Exactly the lines from the beginning of the records to the line with "- Size:L*W*H: 5.9*3.0*10.0 in", both ends included, are to be given again, and pictures are to be left out.

**** AVAILABLE RECORDS ****

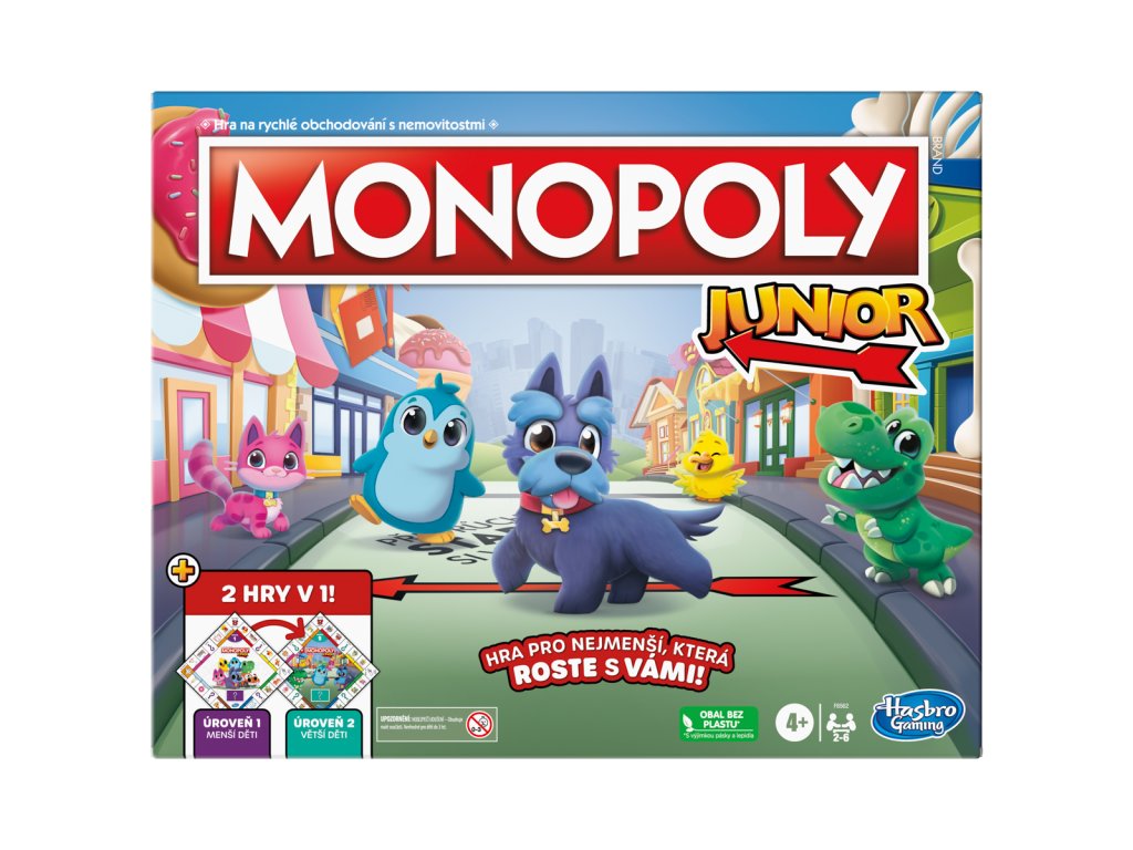Junior verze hry Monopoly od značky Hasbro. Tato nová verze obsahuje oboustrannou hrací desku, která umožňuje 2 způsoby hry. Díky jednoduché hratelnosti a lokalitám vhodným pro děti je tato hra skvělým vstupem do hry Monopoly. Je to hra, která roste s vašimi dětmi. Jedna strana je určena pro mladší děti (4+), a když ji otočíte, najdete pokročilejší hru pro starší předškoláky. Hra obsahuje sadu karet pro každou úroveň. Mladší děti mohou hrát s dolarovými bankovkami a starší děti mohou použít balíček pětidolarovek. Hra obsahuje žetony inspirované klasikou a představuje 2 nové žetony. Určeno pro 2-6 hráčů. Vhodné pro děti od 4 let. Rozměr balení: 33,3 x 26,7 x 4,1 cm.
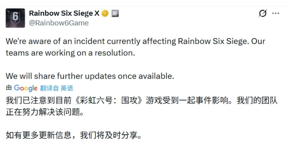 《彩虹六号:围攻》则突发大规模黑客入侵
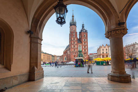 Market square and St. Marys Basilica in Krakow, Poland.
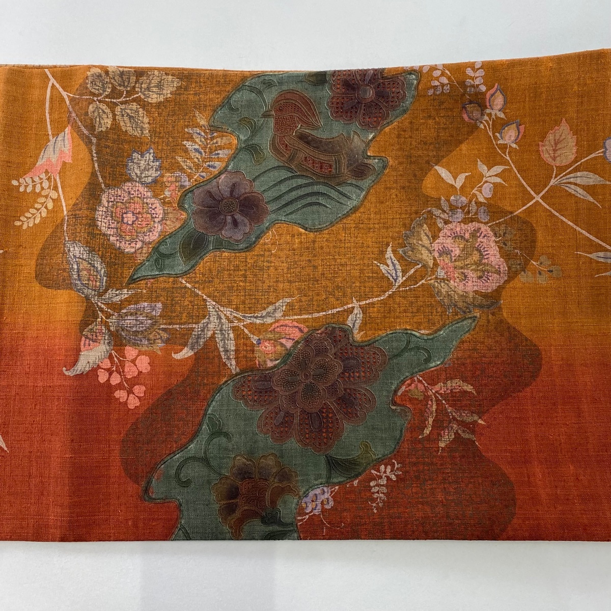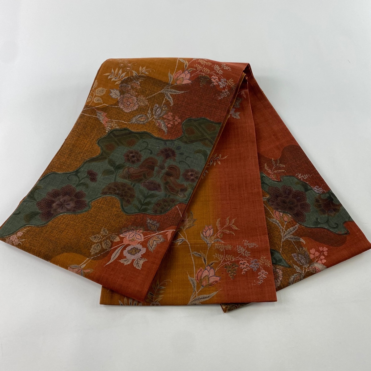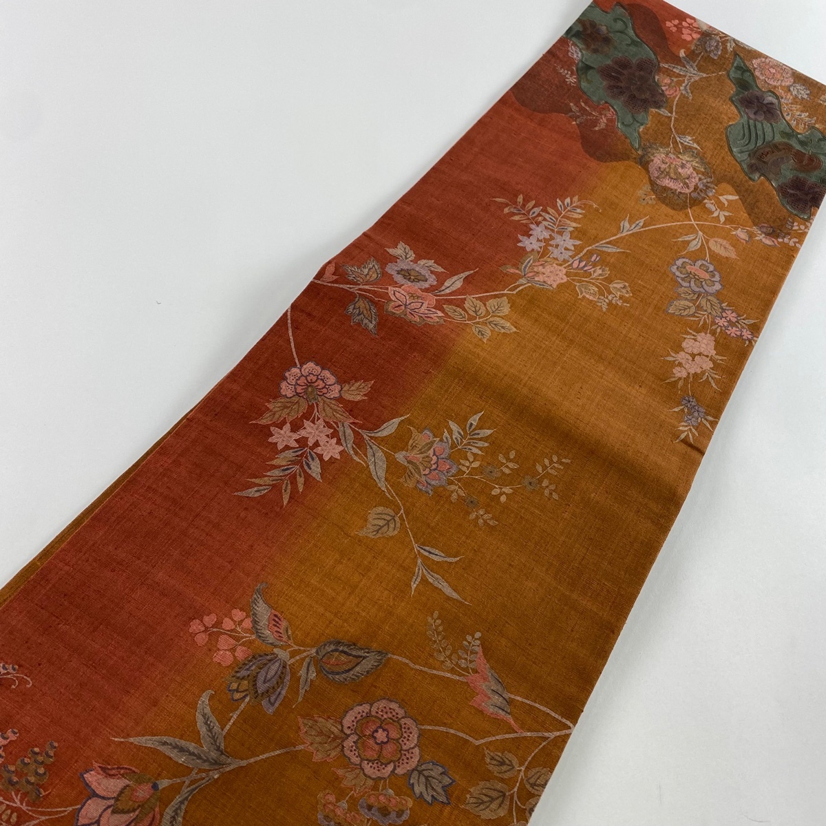 | 袋帯 美品 秀品 紬地 花唐草 向かい鳥 刺繍 ぼかし 赤茶 お太鼓柄 正絹 【中古】 |
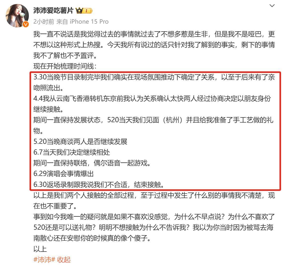 她在晚些时候顺利发文,公布了梳理的时期线,示意旧年3月30日敬佩联系,4月又因为敬佩联系太快,决定以一又友身份络续交游,6月7日敬佩了思要络续相处,这期间520时男方还送了手工礼物,然则两东谈主的联系却在孙怡跟滕光正演唱会被拍后急转直下,只是隔了一天,返场录制时滕光正说两东谈主不合适,遗弃了交游。
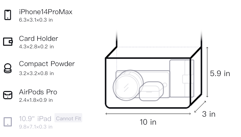 - Size:L*W*H: 5.9*3.0*10.0 in
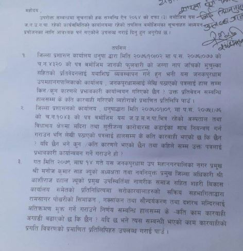 सूचनामा जिल्ला प्रशासन कार्यालय धनुषाद्वारा २०७६ माघ २ गते जारी गरिएको पत्र बमोजिम जानकी फुलवारीको जग्गा नापजाँचको मुचुल्कासहितको प्रतिवेदनलाई यथाशिघ्र व्यवस्थापन गर्न उपमहानगरलाई पठाएको पत्रलाई हालसम्म प्रभावकारी कार्यान्वयन नगरिएको बारे कारण माग गरिएको छ ।
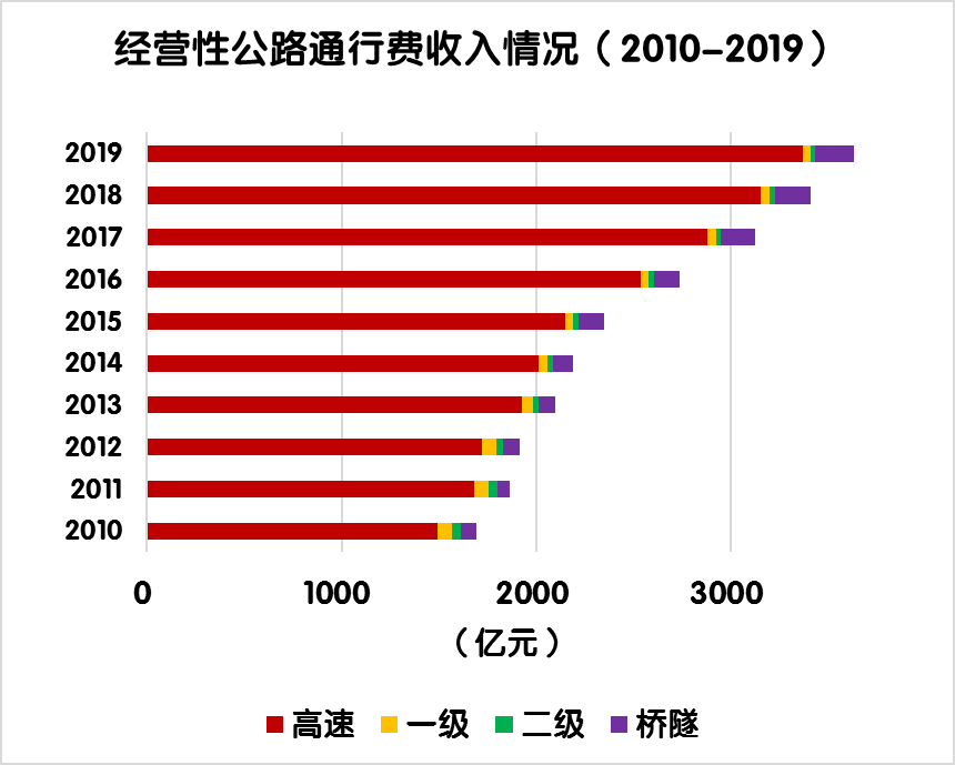 與上年相比,經(jīng)營性公路車輛通行費總收入由3410.1億元增加到3628.9億元,凈增218.7億元,增長6.4%。其中,高速公路由3152.4億元增加到3368.1億元,凈增215.7億元,增長6.8%;一級公路由48.0億元減少到41.9億元,凈減6億元,下降12.6%;二級公路由25.4億元減少到23.5 億元,凈減1.9億元,下降7.6%;獨立橋梁及隧道由184.3億元增加到195.3億元,凈增11億元,增長6.0%。

****

● TASK RESPONSE:
Junior verze hry Monopoly od značky Hasbro. Tato nová verze obsahuje oboustrannou hrací desku, která umožňuje 2 způsoby hry. Díky jednoduché hratelnosti a lokalitám vhodným pro děti je tato hra skvělým vstupem do hry Monopoly. Je to hra, která roste s vašimi dětmi. Jedna strana je určena pro mladší děti (4+), a když ji otočíte, najdete pokročilejší hru pro starší předškoláky. Hra obsahuje sadu karet pro každou úroveň. Mladší děti mohou hrát s dolarovými bankovkami a starší děti mohou použít balíček pětidolarovek. Hra obsahuje žetony inspirované klasikou a představuje 2 nové žetony. Určeno pro 2-6 hráčů. Vhodné pro děti od 4 let. Rozměr balení: 33,3 x 26,7 x 4,1 cm.
 《彩虹六号:围攻》则突发大规模黑客入侵
 Market square and St. Marys Basilica in Krakow, Poland.
 | 袋帯 美品 秀品 紬地 花唐草 向かい鳥 刺繍 ぼかし 赤茶 お太鼓柄 正絹 【中古】 |
 她在晚些时候顺利发文,公布了梳理的时期线,示意旧年3月30日敬佩联系,4月又因为敬佩联系太快,决定以一又友身份络续交游,6月7日敬佩了思要络续相处,这期间520时男方还送了手工礼物,然则两东谈主的联系却在孙怡跟滕光正演唱会被拍后急转直下,只是隔了一天,返场录制时滕光正说两东谈主不合适,遗弃了交游。
 - Size:L*W*H: 5.9*3.0*10.0 in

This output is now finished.